____ Collected data

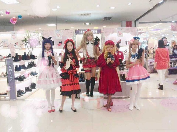 2015年10月1日,在成都市青羊区苏坡东路12号西单商场1楼HARSON鞋店内,我校AAC动漫社团的蔡美仪、冯子娟、傅馨月等社员接受了HARSON鞋店的邀请,结合当红动漫人物造型,为HARSON鞋店完美地展示了HARSON2015秋冬经典小红鞋系列、时尚运动板鞋系列。其中,蔡美仪cos的是“狂三”,冯子娟cos的是“真红”,傅馨月cos的是“南小鸟”。
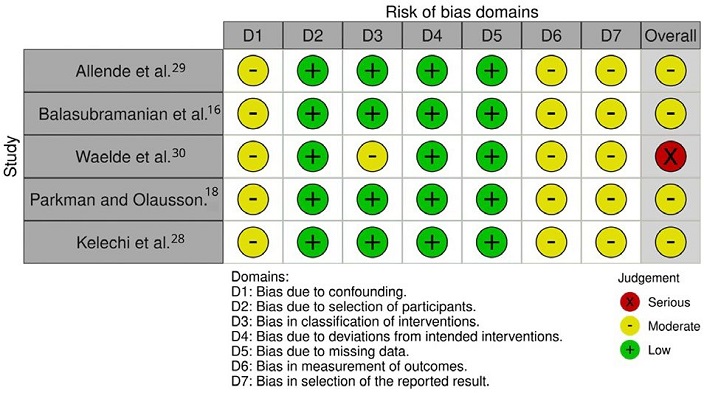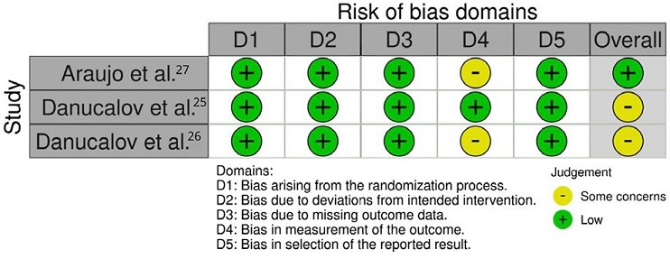 Regarding the RCTs, two of the studies 25, 27 provided detailed information on random sequence generation. Given the nature of the intervention, neither participants nor care providers were blinded in any of the studies evaluated. Only one study 25 explicitly reported blinding of outcome assessors. Due to the absence of blinding for outcome assessors, two RCTs were rated as having “some concerns” regarding the risk of bias.
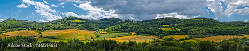 A wide panorama of the rolling hills in Tuscany Italy
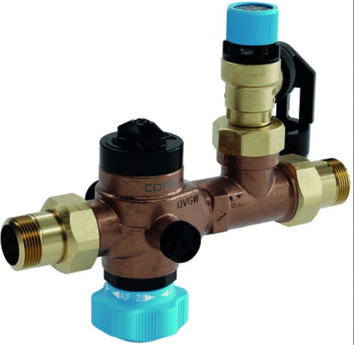 Die Conel Stream Sicherheitsgruppe dient dem optimalen Schutz vor Drucküberschreitung in geschlossenen Trinkwassererwärmern. Der Rückflußverhinderer unterbindet das Rückfließen des erwärmten Trinkwassers und das Sicherheitsventil schützt den nachgeschalteten Trinkwassererwärmer. Das leicht austauschbare Membran-Sicherheitsventil mit verschleißfestem Edelstahlsitz ist zur Anpassung an unterschiedliche Einbauverhältnisse durch einen Verschraubungsanschluss um 360° drehbar.

________

Every picture stays out; reproduce exactly the lines from the one with "A wide panorama" through the last line of the data above.

--- Task result ---
 A wide panorama of the rolling hills in Tuscany Italy
 Die Conel Stream Sicherheitsgruppe dient dem optimalen Schutz vor Drucküberschreitung in geschlossenen Trinkwassererwärmern. Der Rückflußverhinderer unterbindet das Rückfließen des erwärmten Trinkwassers und das Sicherheitsventil schützt den nachgeschalteten Trinkwassererwärmer. Das leicht austauschbare Membran-Sicherheitsventil mit verschleißfestem Edelstahlsitz ist zur Anpassung an unterschiedliche Einbauverhältnisse durch einen Verschraubungsanschluss um 360° drehbar.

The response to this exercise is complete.